Hm. You changed the SSID of your router and connected your 3DS to it? It might be Canada-only. The person who posted it is from Quebec I believe and I'm in Alberta. Also, the name is case-sensitive. It has to be Bestbuy.


----------



## Charlala (Jun 17, 2013)

I have never in my life posted to a site like this FYI
I went to My Best buy and I did not get the clock.. I checked to find Nintendo Zones in my area and its not listed either.
Would anyone be willing to get one through the catalog for me and Ill pay for it. That is if its reorder able.
My FC 5257-9469-3902

Thanks Y'all


----------



## Tapa (Jun 17, 2013)

ChaosKitten said:


> Hey guys, just going to put this link here telling you how to get the Best Buy dlc from your own home!
> 
> http://www.projecthyrule.com/board/viewtopic.php?f=19&t=53
> 
> I can confirm this works, I just got two clocks from the comfort of my own couch, lol.

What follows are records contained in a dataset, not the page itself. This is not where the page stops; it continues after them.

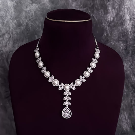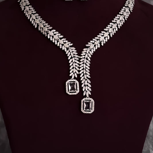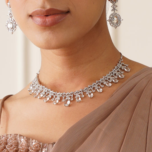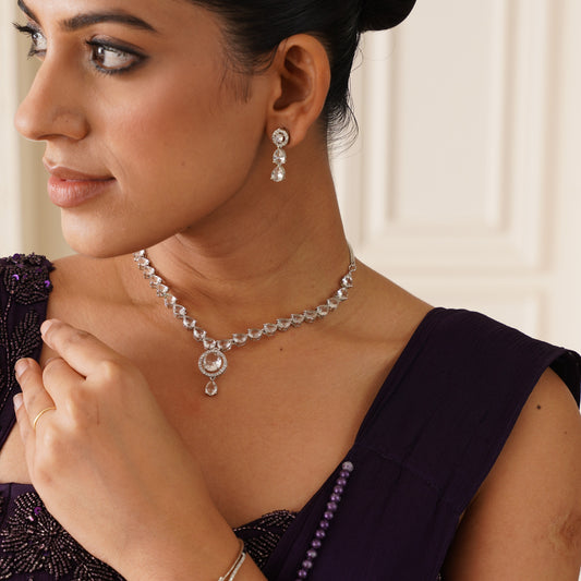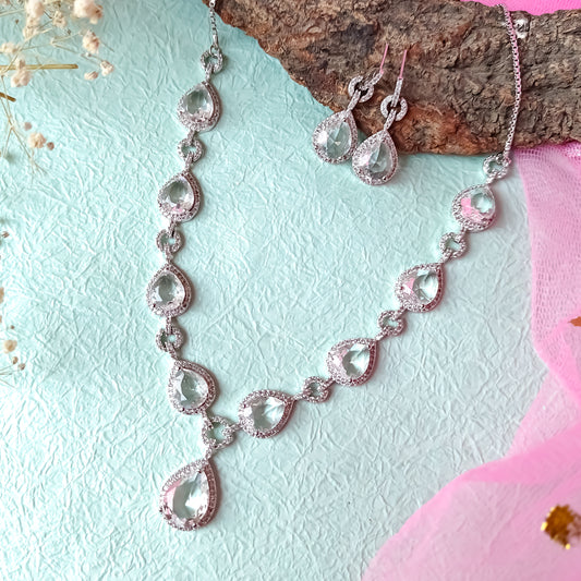 Kristine Premium American Diamond Necklace Set- Crystal White
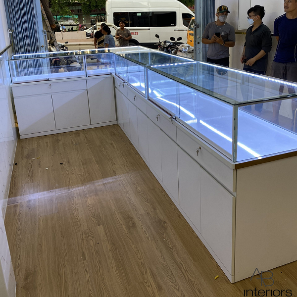 - Thiết kế chữ L tối ưu không gian: Với hình dáng chữ L, tủ giúp tối ưu hóa không gian trưng bày, đồng thời tạo ra một không gian mở rộng để trưng bày nhiều loại trang sức. Thiết kế này phù hợp với các không gian cửa hàng hoặc showroom có diện tích hạn chế nhưng vẫn đảm bảo đủ không gian trưng bày hiệu quả.
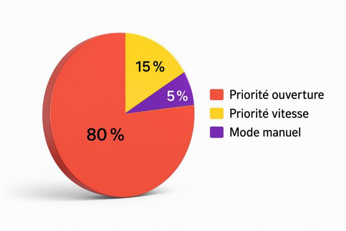 - Priorité Vitesse : pour imposer un temps de pose afin de flouter ou de figer les mouvements du sujet ou de l'arrière plan.
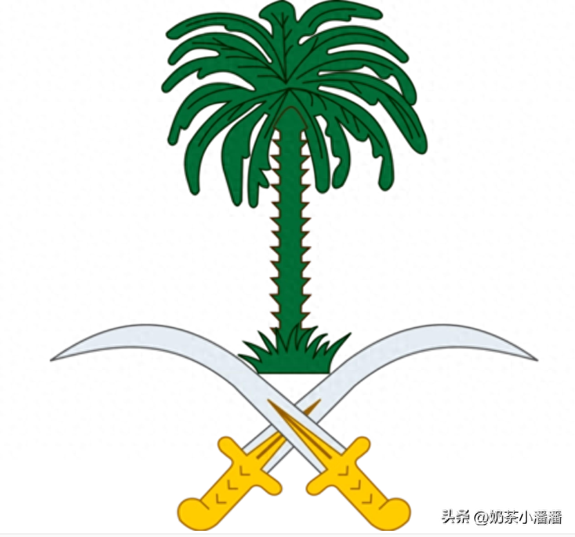 【沙特国徽的主要元素就是椰枣树和弯刀】
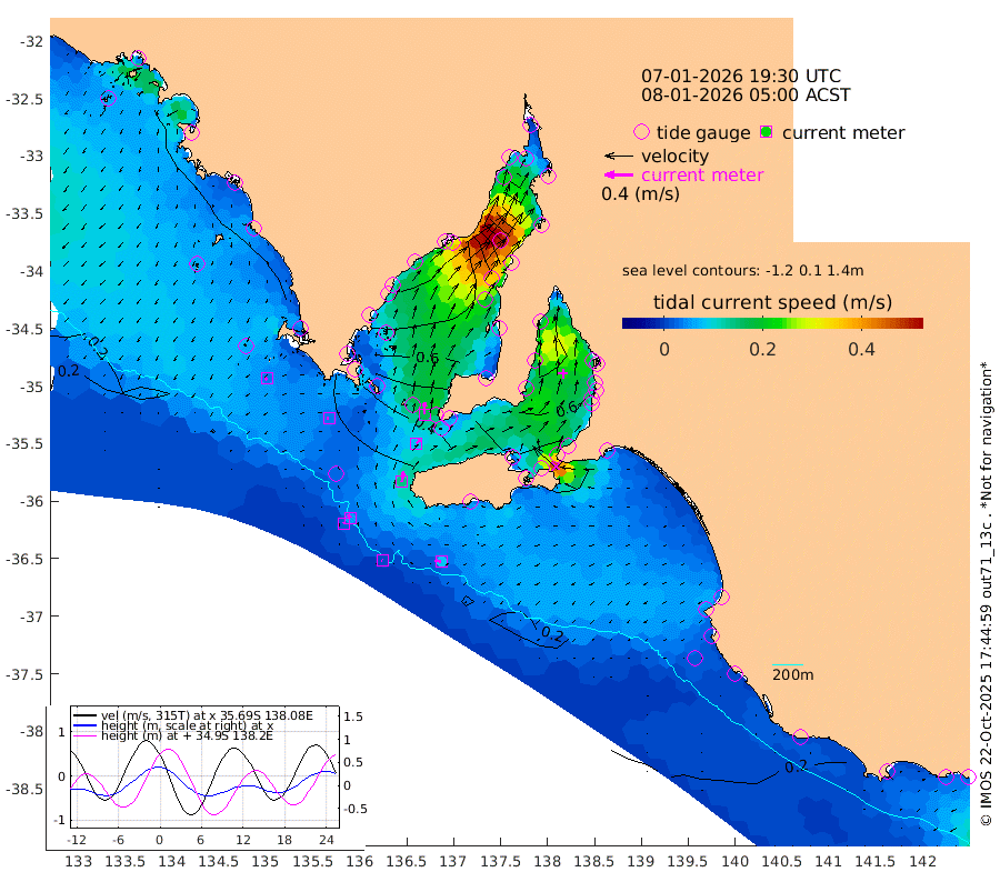1cm/s -51T +10cm/s rms + 5cm/s 114T. SAM1DS 520m 3cm/s -90T +13cm/s rms + 5cm/s -36T. SAM2CP 100m 6cm/s -35T +21cm/s rms + 18cm/s 142T. SAM3MS 168m 8cm/s -74T +22cm/s rms + 0cm/s -30T. SAM4CY 117m 4cm/s -142T +23cm/s rms + 2cm/s 99T. SAM5CB 94m 7cm/s 47T +8cm/s rms + 3cm/s -172T. SAM6IS 83m 2cm/s -23T +11cm/s rms + 7cm/s 150T. SAM7DS 519m 17cm/s -1T +10cm/s rms + 2cm/s 87T. SAM8SG 47m 14cm/s 8T +20cm/s rms + 12cm/s -168T. NRSKAI 101m 19cm Warrnambool 21cm Port Fairy 20cm Portland 29cm Port Macdonnell 20cm Beachport 22cm Cape Rabelais (off) 22cm Robe 28cm Cape Jaffa 27cm Kingston 29cm Victor Harbor 18cm Vivonne Bay 56cm Kingscote 48cm American River 53cm Penneshaw 45cm Cape Jervis 56cm Second Valley 67cm Port Noarlunga 68cm Port Stanvac 67cm Brighton 72cm Glenelg 74cm Port Adelaide (Outer Harbor) 47cm Angus Inlet (Garden Island) 88cm Ardrossan 95cm Port Vincent 79cm Port Giles 43cm Stenhouse Bay 42cm Althorpe Island 37cm Pondalowie Bay 59cm Point Turton 58cm Port Victoria 64cm Cape Elizabeth 52cm Tiparra Reef Light 40cm Wallaroo 42cm Middle Bank 1cm Port Broughton -27cm Port Pirie -30cm Red Cliff Point (Beacon 5) -13cm Port Bonython -3cm Whyalla 4cm Western Shoal Beacon 56cm Franklin Harbor 74cm Franklin Harbor Entrance Beacon 71cm Arno Bay 80cm Port Neill 72cm Cape Hardy 69cm Tumby Bay 58cm Reevesby Island 57cm Port Lincoln 44cm Taylors Landing 52cm Whalers Bay 43cm Wedge Island Mooring 24cm Shelf Edge Mooring 33cm Coffin Bay Entrance Beacon 22cm Greenly Island 31cm Elliston 26cm Pearson Island 31cm Venus Bay 44cm Blanche Port (Streaky Bay) 38cm Thevenard 23cm St Francis Island
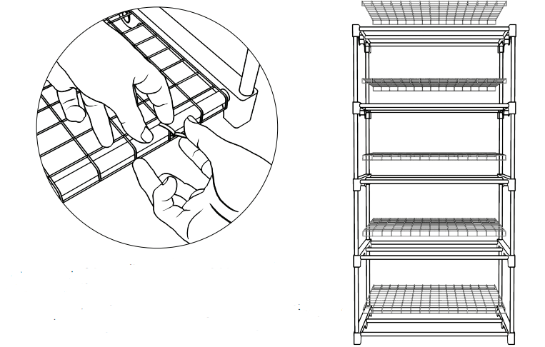 STEP 4: ADDING THE WIRE SHELVES AND SECURING ZIP TIES
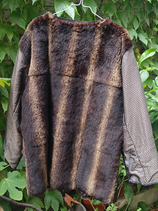 70s Fur and Fabric Winter Jacket | Vintage Mixed Media brown and grey Winter Coat| Women's cozy cardigan

I'm so happy and can't wait to get all the dlc without having to drive for 30 minutes. ^_^



This neat little trick worked for me, I live in the US. The SSID needs to be exactly Bestbuy, like they've said. Once you've connected your 3DS to the router start up Animal Crossing and head to the post office. Simple.


----------



## GingerSchnapps (Jun 17, 2013)

Well, I went to Best Buy a bit before closing and I can't begin to tell you how awkward it is walking around the store with an open 3DS when you're over the age of 12. xD

But, after much searching, I found that the only place I could successfully get my DLC items was in front of the PS3 games...
I met another frustrated animal crosser, and we laughed at how stupid we looked.

Good times.


----------



## ben_nyc (Jun 18, 2013)

ChaosKitten said:


> Hm. You changed the SSID of your router and connected your 3DS to it? It might be Canada-only. The person who posted it is from Quebec I believe and I'm in Alberta. Also, the name is case-sensitive. It has to be Bestbuy.



How is this even possible?  Nintendo... what kind of engineers do they have on the 3ds- not that this is negative news, the more users have access the better.  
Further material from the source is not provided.